Minimal TinyAVR 0 Programming

When [Alain] wanted to use some of the new TinyAVR 0 chips — specifically, the Attiny406 — it seemed overkill to use the Windows IDE. There are plenty of sources of information on programming other AVR chips using simple command line tools, but not for these newer 0-series parts which use a new programming protocol known as UPDI. That led to a deep diving into how to program a TinyAVR 0 with a text editor, makefile, and USB-to-serial cable.

The Attiny406 has 4K of flash, 256 bytes of RAM and can run at 20 MHz with no external clock. You might think programming would be similar to a regular AVR part, but these tiny devices use UPDI (Unified Programming and Debug Interface) which uses 3 pins for programming. Older devices used different protocols.

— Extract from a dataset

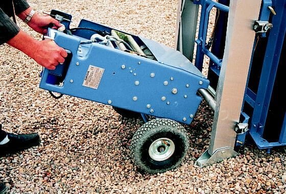 Podwozie transportowe służące do wygodnego transportu jednostki napędowej wyciągu w czasie jej montażu lub demontażu. Zespolenie wózka z drabiną przy zamontowanej jednostce napędowej pozwala na wygodny transport złożonej drabiny (jednostka napędowa zamontowana na szynie podstawowej stanowi wózek, pozostałe zdemontowane segmenty można umieścić w koszu transportowym). Waga: 11 kg

It is very easy to create a UPDI programmer. A USB to logic-level serial cable and a 4.7K resistor is all it takes. There’s Python code that knows how to drive the protocol, too. You can also use the logic-level serial port on the Raspberry Pi with some device tree modifications explained in the code’s documentation.

[Alain] made a nice breakout board for the device. It fits a breadboard, allows for 5V or 3.3V operation, and has an LED and switch. Nothing fancy, but handy. Once you know how to ship a hex file to the chip, the rest is pretty standard. While the AVR version of gcc doesn’t cross-compile for the ATTiny out of the box, there is a device pack from Microchip that enables that feature.

The trend is to go to bigger processors, not smaller, but when you need to cram something in a small space, save a few pennies per unit, or draw very little power, these tiny processors can be just the ticket. The processors may be small, but if you work you can do some pretty big things with them.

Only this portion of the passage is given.